Data for this exercise:
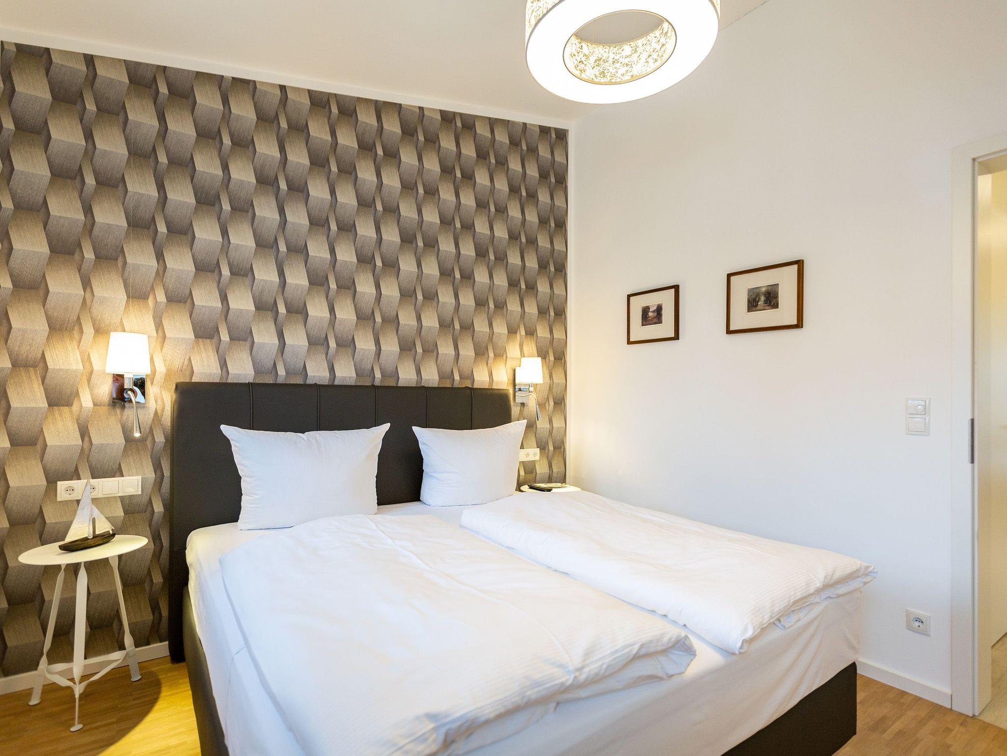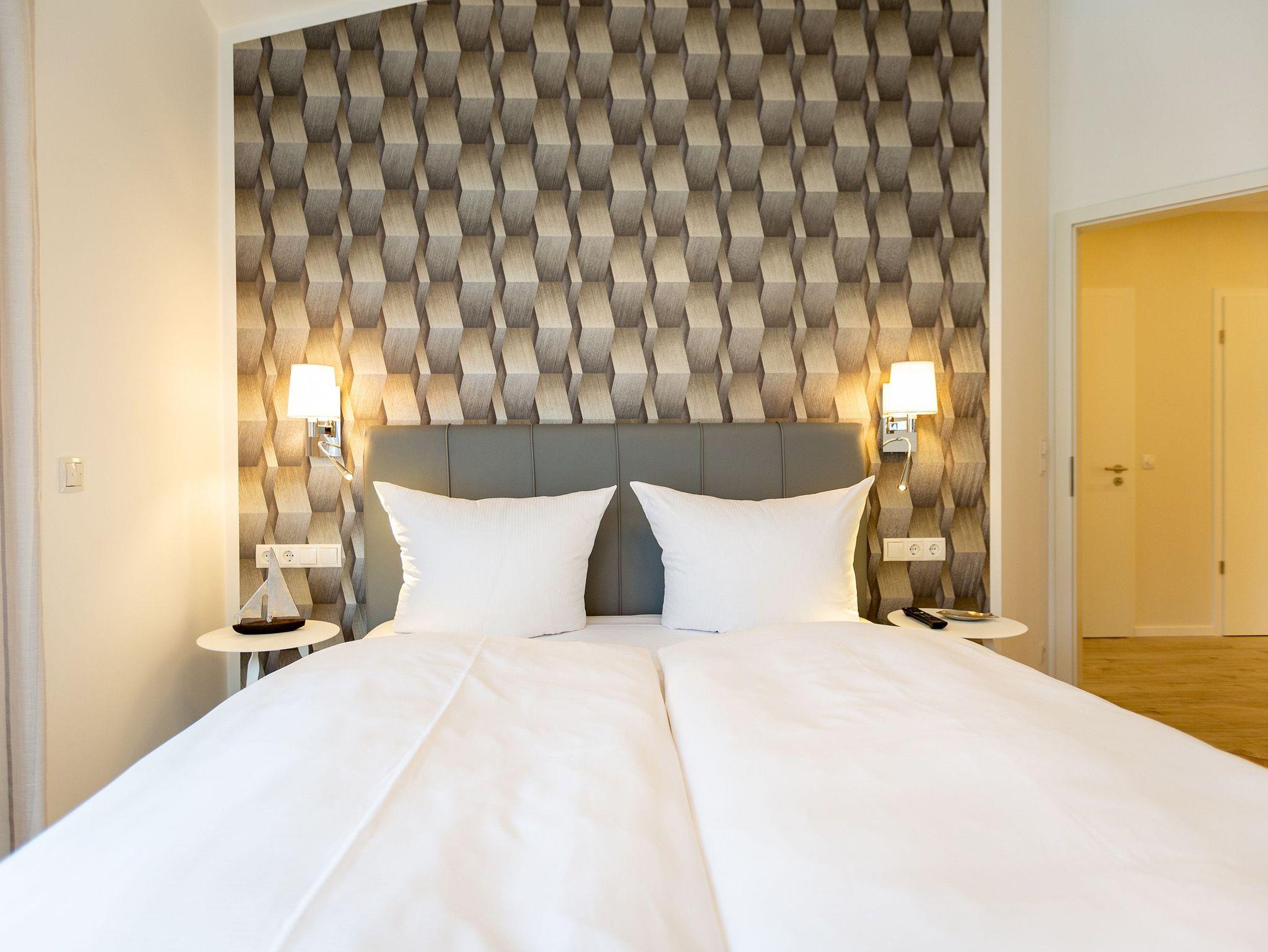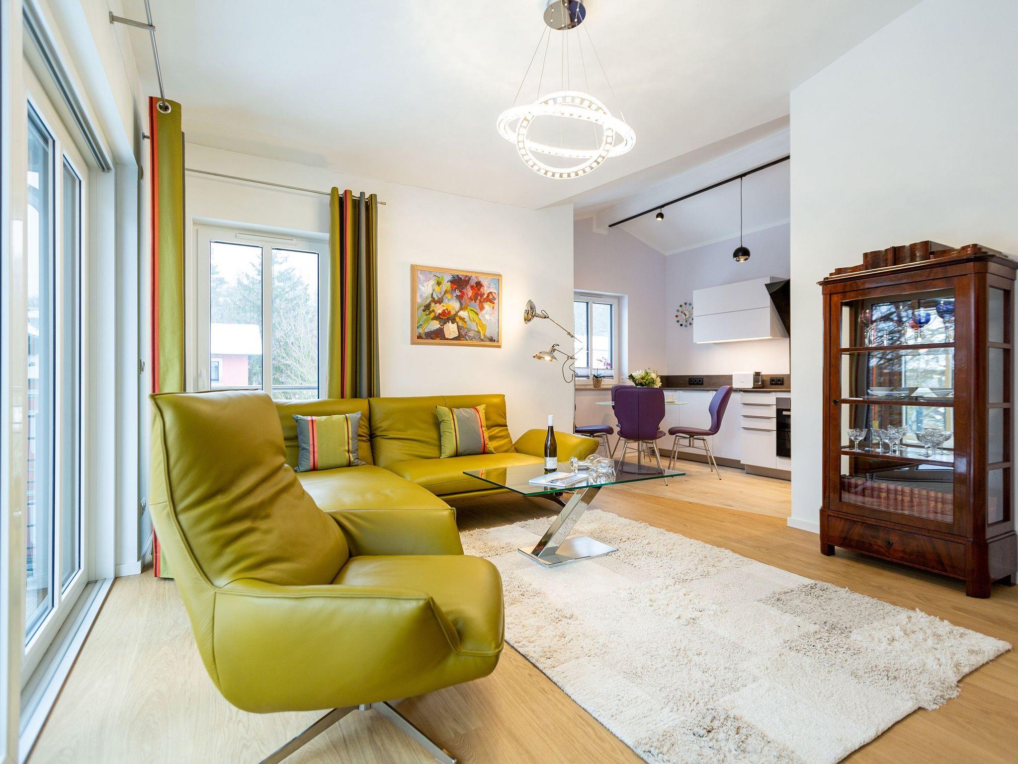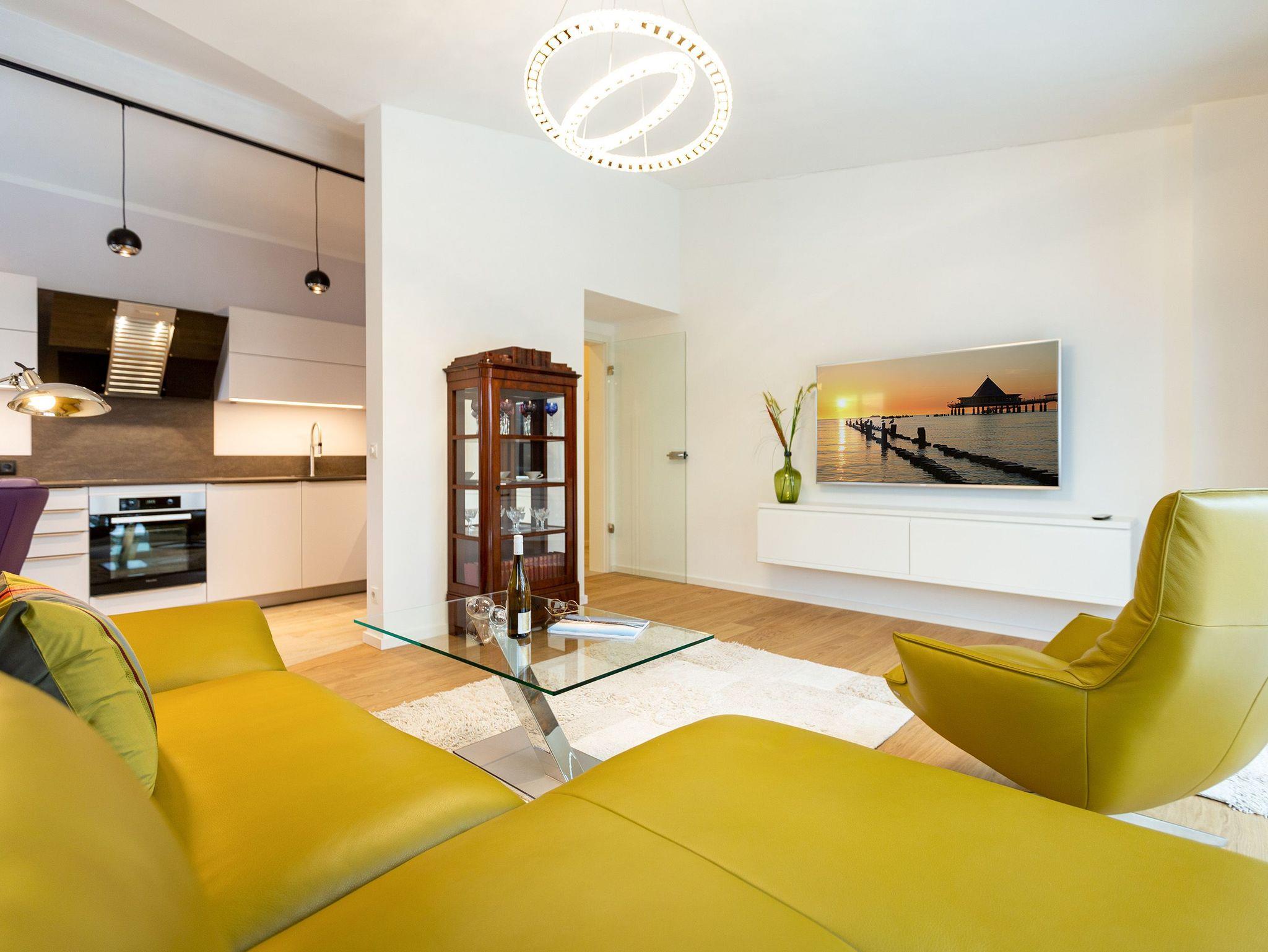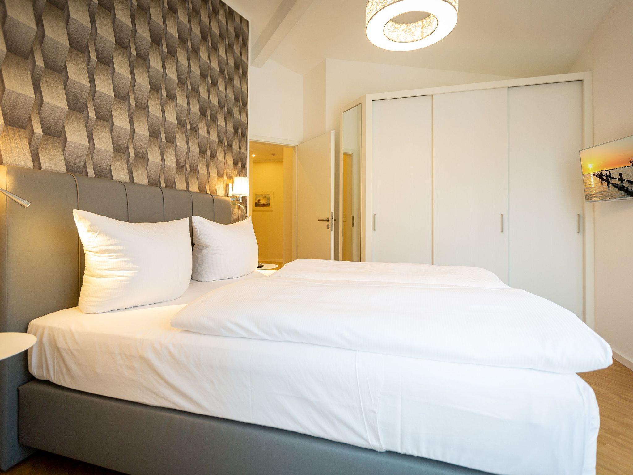 Das Appartement Nummer 8 in der 3. Etage setzt auf seinen 79 Quadratmetern gleich mehrere Akzente: Farbakzente, Lichtakzente und Designakzente. Alles zusammen sorgt dafür, dass sich die bis zu vier Personen in dem Drei-Zimmer-Urlaubsdomizil rundum wohlfühlen. Hier ist nichts 0815. Schon gar nicht die Farben. Dezent, aber dennoch präsent verleihen sie der Wohnung eine behagliche Atmosphäre: Von der lindgrünen Leder-Landschaft zum Faulenzen und Entspannen bis zum Indigo der Stühle rund um den Esstisch. Große, helle Räume sorgen für Leichtigkeit und Komfort. Treten Sie vom Wohnzimmer aus auf den sonnigen Süd-Ost-Balkon (6 Quadratmeter) und atmen Sie die gesunde Ostseeluft tief in sich ein. Ebenfalls an das geräumige Wohnzimmer angeschlossen, ist die offene Küche mit einer voll ausgestattete Küchenzeile und einem schönen Essplatz. Alle Geräte sind Markengeräte. Ein komplettes Geschirr-Service finden Sie in den Schränken. Auch die beiden Schlafzimmer empfangen den Gast mit modernem Design. Jedes verfügt über ein Boxspringdoppelbett (eines 1,80 m x 2,00 m, das zweite 1,60 m x 2,00 m) sowie einen extra angefertigten Kleiderschrank. Alle drei Zimmer des Appartements sind mit einem Flat-TV ausgestattet. In den beiden Badezimmern sind je eine Dusche und eine Toilette vorhanden. Darüber hinaus besitzt das Masterbad eine Badewanne und ein Bidet. Handtücher liegen selbstverständlich bereit und auch die Betten sind bereits bezogen. Zu dem Appartement gehört der Außenstellplatz Nummer 8 im Hof. In einem separaten und abschließbaren Kellerraum befindet sich eine Ladestation für E-Bikes. Der WLAN-Zugang ist kostenfrei. Sie brauchen also nur ankommen, mit dem Fahrstuhl in die 3. Etage fahren und schon sind Sie mitten im Urlaub.
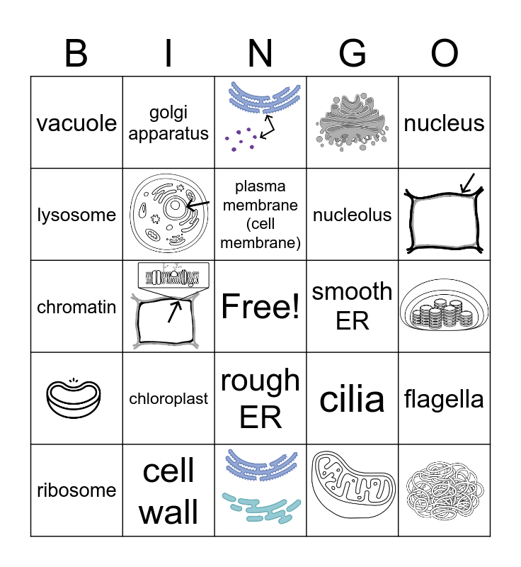This bingo card has 10 images, a free space and 14 words: chloroplast, cell wall, plasma membrane (cell membrane), ribosome, nucleus, vacuole, lysosome, golgi apparatus, smooth ER, rough ER, nucleolus, chromatin, cilia and flagella.
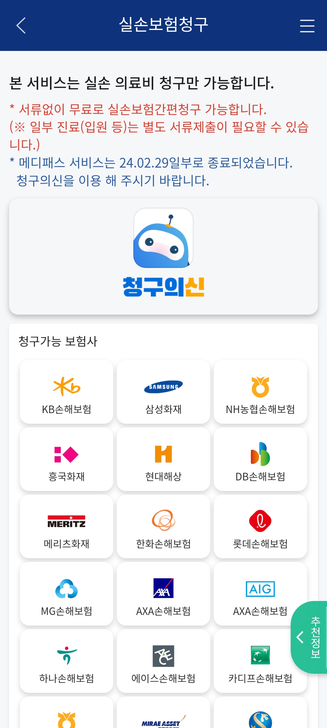 청구의 신 어플 설치 하라고 나온다. 아래는 가능한 보험사니 참고하면 된다. 난 우체국 보험이라 해당이 안되지만 혹시 보험청구가 안된 내용이 있을까싶어 설치해봤다.
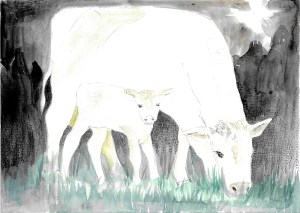 Kaum hatte Jakob das Licht ausgemacht, schlief er ein. Um Mitternacht ertönte schrilles Geklingel. Jakob knipste die Nachttischlampe an, machte den Wecker aus und rieb sich die Augen. Er stand auf, ging in die Küche und schaute aus dem Fenster. Am Himmel leuchteten Tausende von Sternen. Auf der Wiese war es allerdings fast schwarz. Die zehn Kühe, die irgendwo sein mussten, waren wie vom Erdboden verschluckt. Nur eine einzige Kuh entdeckte Jakob. Sie hatte weißes, leuchtendes Fell und funkelnde Augen. Aufrecht stand sie da. Zufrieden wandte sie ihren Kopf herum und blickte nach unten.
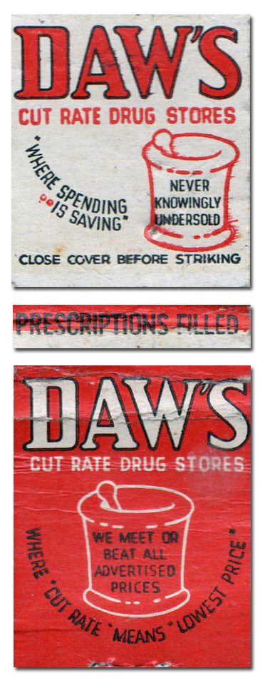 It was a 40-store chain based in Rochester NY; swallowed up by Rite-Aid after a while. The local paper has a story on the chain, and I'd link to it, but it’s a hideous Gannett site with an autoplay video with sound. Which is like walking into Daw’s in the old days, and the manager would stand in front of you and talk loudly, and you had to stand there looking for an X over his shoulder.
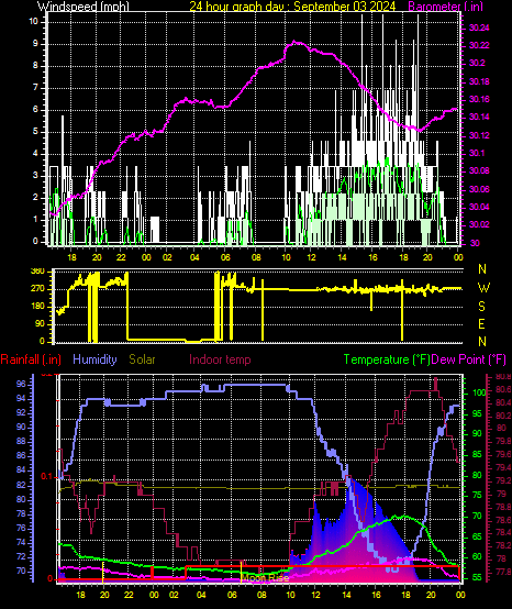 Maximum rain per minute = 0.00 in. on day 30 at time 23:57
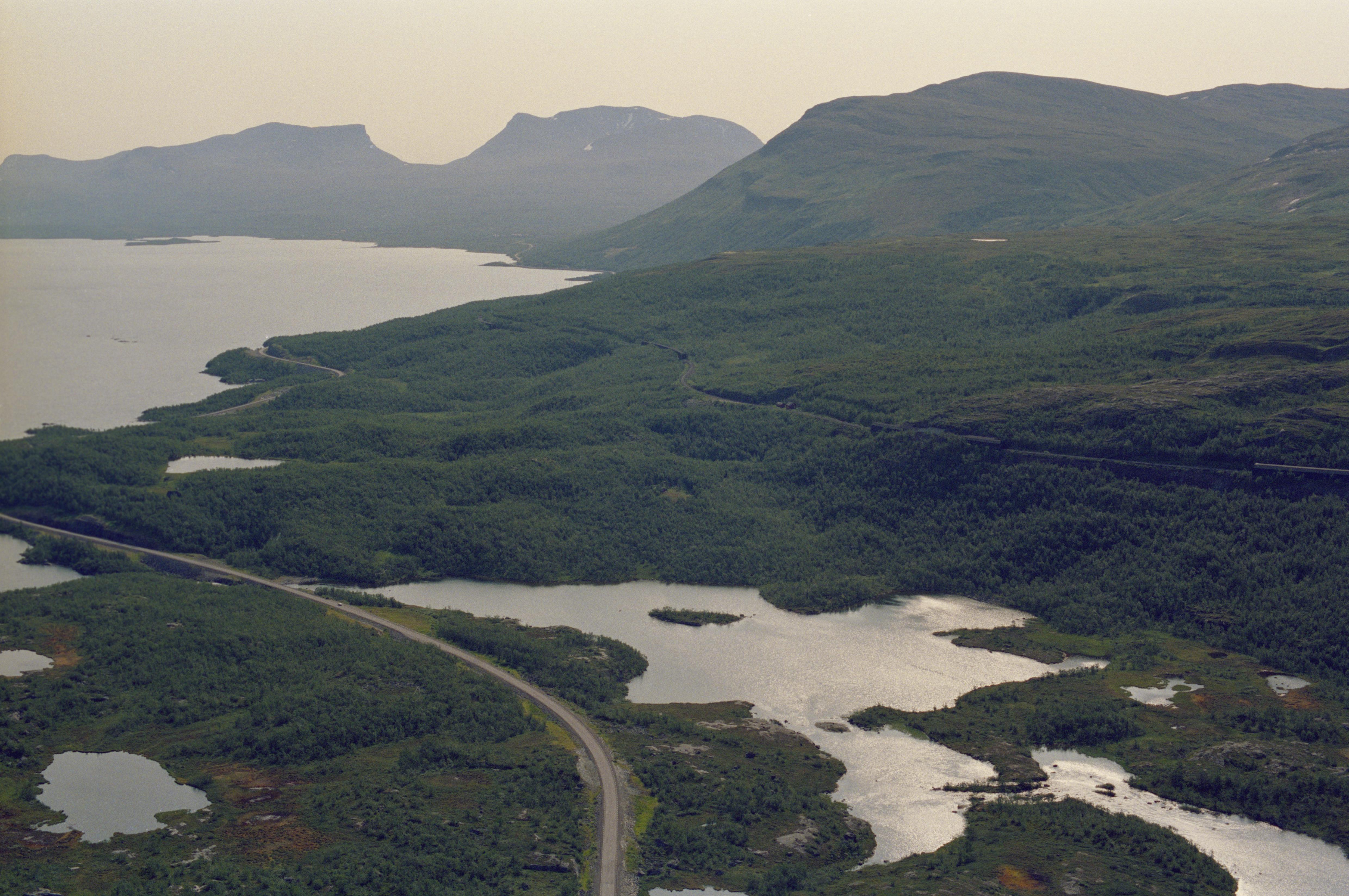 Beskrivning: Anmärkning (övrig): Riksintresse-nr/namn: BD36 - Torneträskområdet - Ofotenbanan. Socken: Jukkasjärvi. Motivering: Järnvägsmiljö längs med Ofotenbanan, som är en viktig del i länets industri- och teknikhistoria och landets första, längre elektrifierade bana. Ofotenbanan förde med sig att gruvnäringen fick ett uppsving och att turismen kunde utvecklas i området. - Uttryck för riksintresset: Malmbanan och de lämningar som arbetet med denna gett upphov till; stationsbyggnader, materielväg, grunder och kyrkogård efter anläggarsamhällena vid Tornehamn och Katterjåkk, några äldre hus, grunder efter lokstall, hus, hotell och pumpstation bl a vid Riksgränsen. - I området ingår även: Sjangeli, koppargruva från 1600-talet och Kuokkel, koppargruva från slutet av 1800-talet. [Texten uppdaterat av Riksantikvarieämbetet våren 2013.] Beskrivning: Tornehamns by vid sjön Torneträsk (Duortnosjávri). Järnvägen Ofotbanen (Ofotbanan / Malmbanan) och Rallarkyrkogården / Tornehamns kyrkogård uppe till höger. I skogen till vänster om bildens mitt Tornehamns kapell vid bytomt RAÄnr Jukkasjärvi 186:1. Fjällområdet Lapporten uppe till vänster. Bilden är tagen mot (väderstreck): ONO Fotosyfte: Flygbildsdokumentation

What is required: Transcribe every line of the records exactly. Pictures do not belong in the copy.

Result:
 Das Appartement Nummer 8 in der 3. Etage setzt auf seinen 79 Quadratmetern gleich mehrere Akzente: Farbakzente, Lichtakzente und Designakzente. Alles zusammen sorgt dafür, dass sich die bis zu vier Personen in dem Drei-Zimmer-Urlaubsdomizil rundum wohlfühlen. Hier ist nichts 0815. Schon gar nicht die Farben. Dezent, aber dennoch präsent verleihen sie der Wohnung eine behagliche Atmosphäre: Von der lindgrünen Leder-Landschaft zum Faulenzen und Entspannen bis zum Indigo der Stühle rund um den Esstisch. Große, helle Räume sorgen für Leichtigkeit und Komfort. Treten Sie vom Wohnzimmer aus auf den sonnigen Süd-Ost-Balkon (6 Quadratmeter) und atmen Sie die gesunde Ostseeluft tief in sich ein. Ebenfalls an das geräumige Wohnzimmer angeschlossen, ist die offene Küche mit einer voll ausgestattete Küchenzeile und einem schönen Essplatz. Alle Geräte sind Markengeräte. Ein komplettes Geschirr-Service finden Sie in den Schränken. Auch die beiden Schlafzimmer empfangen den Gast mit modernem Design. Jedes verfügt über ein Boxspringdoppelbett (eines 1,80 m x 2,00 m, das zweite 1,60 m x 2,00 m) sowie einen extra angefertigten Kleiderschrank. Alle drei Zimmer des Appartements sind mit einem Flat-TV ausgestattet. In den beiden Badezimmern sind je eine Dusche und eine Toilette vorhanden. Darüber hinaus besitzt das Masterbad eine Badewanne und ein Bidet. Handtücher liegen selbstverständlich bereit und auch die Betten sind bereits bezogen. Zu dem Appartement gehört der Außenstellplatz Nummer 8 im Hof. In einem separaten und abschließbaren Kellerraum befindet sich eine Ladestation für E-Bikes. Der WLAN-Zugang ist kostenfrei. Sie brauchen also nur ankommen, mit dem Fahrstuhl in die 3. Etage fahren und schon sind Sie mitten im Urlaub.
This bingo card has 10 images, a free space and 14 words: chloroplast, cell wall, plasma membrane (cell membrane), ribosome, nucleus, vacuole, lysosome, golgi apparatus, smooth ER, rough ER, nucleolus, chromatin, cilia and flagella.
 청구의 신 어플 설치 하라고 나온다. 아래는 가능한 보험사니 참고하면 된다. 난 우체국 보험이라 해당이 안되지만 혹시 보험청구가 안된 내용이 있을까싶어 설치해봤다.
 Kaum hatte Jakob das Licht ausgemacht, schlief er ein. Um Mitternacht ertönte schrilles Geklingel. Jakob knipste die Nachttischlampe an, machte den Wecker aus und rieb sich die Augen. Er stand auf, ging in die Küche und schaute aus dem Fenster. Am Himmel leuchteten Tausende von Sternen. Auf der Wiese war es allerdings fast schwarz. Die zehn Kühe, die irgendwo sein mussten, waren wie vom Erdboden verschluckt. Nur eine einzige Kuh entdeckte Jakob. Sie hatte weißes, leuchtendes Fell und funkelnde Augen. Aufrecht stand sie da. Zufrieden wandte sie ihren Kopf herum und blickte nach unten.
 It was a 40-store chain based in Rochester NY; swallowed up by Rite-Aid after a while. The local paper has a story on the chain, and I'd link to it, but it’s a hideous Gannett site with an autoplay video with sound. Which is like walking into Daw’s in the old days, and the manager would stand in front of you and talk loudly, and you had to stand there looking for an X over his shoulder.
 Maximum rain per minute = 0.00 in. on day 30 at time 23:57
 Beskrivning: Anmärkning (övrig): Riksintresse-nr/namn: BD36 - Torneträskområdet - Ofotenbanan. Socken: Jukkasjärvi. Motivering: Järnvägsmiljö längs med Ofotenbanan, som är en viktig del i länets industri- och teknikhistoria och landets första, längre elektrifierade bana. Ofotenbanan förde med sig att gruvnäringen fick ett uppsving och att turismen kunde utvecklas i området. - Uttryck för riksintresset: Malmbanan och de lämningar som arbetet med denna gett upphov till; stationsbyggnader, materielväg, grunder och kyrkogård efter anläggarsamhällena vid Tornehamn och Katterjåkk, några äldre hus, grunder efter lokstall, hus, hotell och pumpstation bl a vid Riksgränsen. - I området ingår även: Sjangeli, koppargruva från 1600-talet och Kuokkel, koppargruva från slutet av 1800-talet. [Texten uppdaterat av Riksantikvarieämbetet våren 2013.] Beskrivning: Tornehamns by vid sjön Torneträsk (Duortnosjávri). Järnvägen Ofotbanen (Ofotbanan / Malmbanan) och Rallarkyrkogården / Tornehamns kyrkogård uppe till höger. I skogen till vänster om bildens mitt Tornehamns kapell vid bytomt RAÄnr Jukkasjärvi 186:1. Fjällområdet Lapporten uppe till vänster. Bilden är tagen mot (väderstreck): ONO Fotosyfte: Flygbildsdokumentation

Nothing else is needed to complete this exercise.